# The Ugly.



## Waffle Iron (Apr 3, 2012)

So this morning something completely unexpected and unprecedented occurred: Rogan went after a lady on our walk, grabbed her coat, and yanked her backwards. 

Lanee, Rogan, and I were on a narrow, snow covered sidewalk on our morning walk. We pass dozens of people normally with no issues; both GSD's normally only taking passing notice of people and move along. We were walking along an empty stretch of path with no other animals, people, cars, airplanes, wind, nothing...no triggers, distractions, stress inducers, etc. Along comes a younger lady walking toward us. As we go to pass, about 5 feet apart, Rogan to my right, the lady to my left, Rogan shoots right across, grabs onto her coat on the back of the lady, and yanks her backward. 
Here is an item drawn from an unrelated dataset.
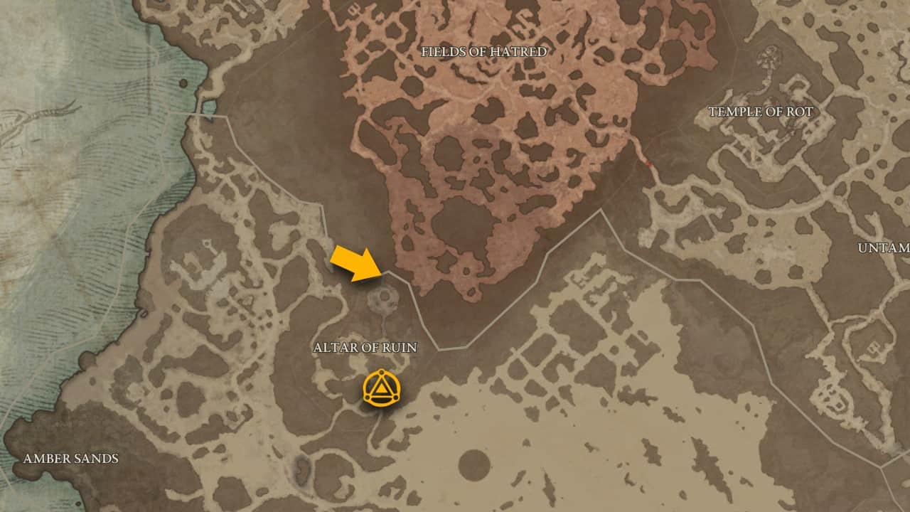 Il dungeon si trova nella parte occidentale del Santuario nella regione del Kehjistan. Dirigiti al waypoint dell’Altare della Rovina come mostrato nella mappa sopra e vai dritto all’ingresso del dungeon.

I immediately disengaged Rogan from her. She was startled, as was I. I asked if she was okay and if she needed medical attention, and she adamantly declined and we continued on her way.

I'm shaken up by this. Rogan has never shown one iota of aggression. He's the diplomat of the family. He loves people, loves attention, has a very goofy, bubbly personality 24/7. I have absolutely no clue why this happened. I've put a call out to my trainer to discuss the issue, but I'd be open to any feedback anyone here might have. Thanks!


----------



## MaggieRoseLee (Aug 17, 2001)

Could he have just wanted to play tug with her coat and not be showing aggression at all?


----------



## Waffle Iron (Apr 3, 2012)

Perhaps. He wasn't barking, growling, no hackles raised, no indication of any hostility. Just BAM, went after the coat. He grabbed the bottom portion (it was a parka).


----------



## Debanneball (Aug 28, 2014)

Was she 'power walking'.. Fast, moving her arms? Maybe he thought you were in danger... Sorry this happened. Deb


----------



## Waffle Iron (Apr 3, 2012)

Debanneball said:


> Was she 'power walking'.. Fast, moving her arms? Maybe he thought you were in danger... Sorry this happened. Deb


No, just walking ordinarily. There was a lot of snow and ice so it's not easy to move around here very quickly on foot.


----------



## JeanKBBMMMAAN (May 11, 2005)

How old is he? I see b.2014?


----------



## middleofnowhere (Dec 20, 2000)

I suspect that the movement of the coat attracted him (sorta like a flirt pole perhaps) and this was just play. But now you know when you are passing people, you might want to move off the trail a bit & put them (dogs not people) in a sit while the people pass.


----------



## dogma13 (Mar 8, 2014)

Could have been that raspy sound of a nylon outer layer on the parka rubbing that attracted a play tug?


----------



## Stonevintage (Aug 26, 2014)

Is there a chance Rogan was sniffing around and not paying attention and then bam, there was the lady in close proximity to you? Did he see her coming? Could have been just a knee jerk reaction if he did not see her until she was within your "personal space".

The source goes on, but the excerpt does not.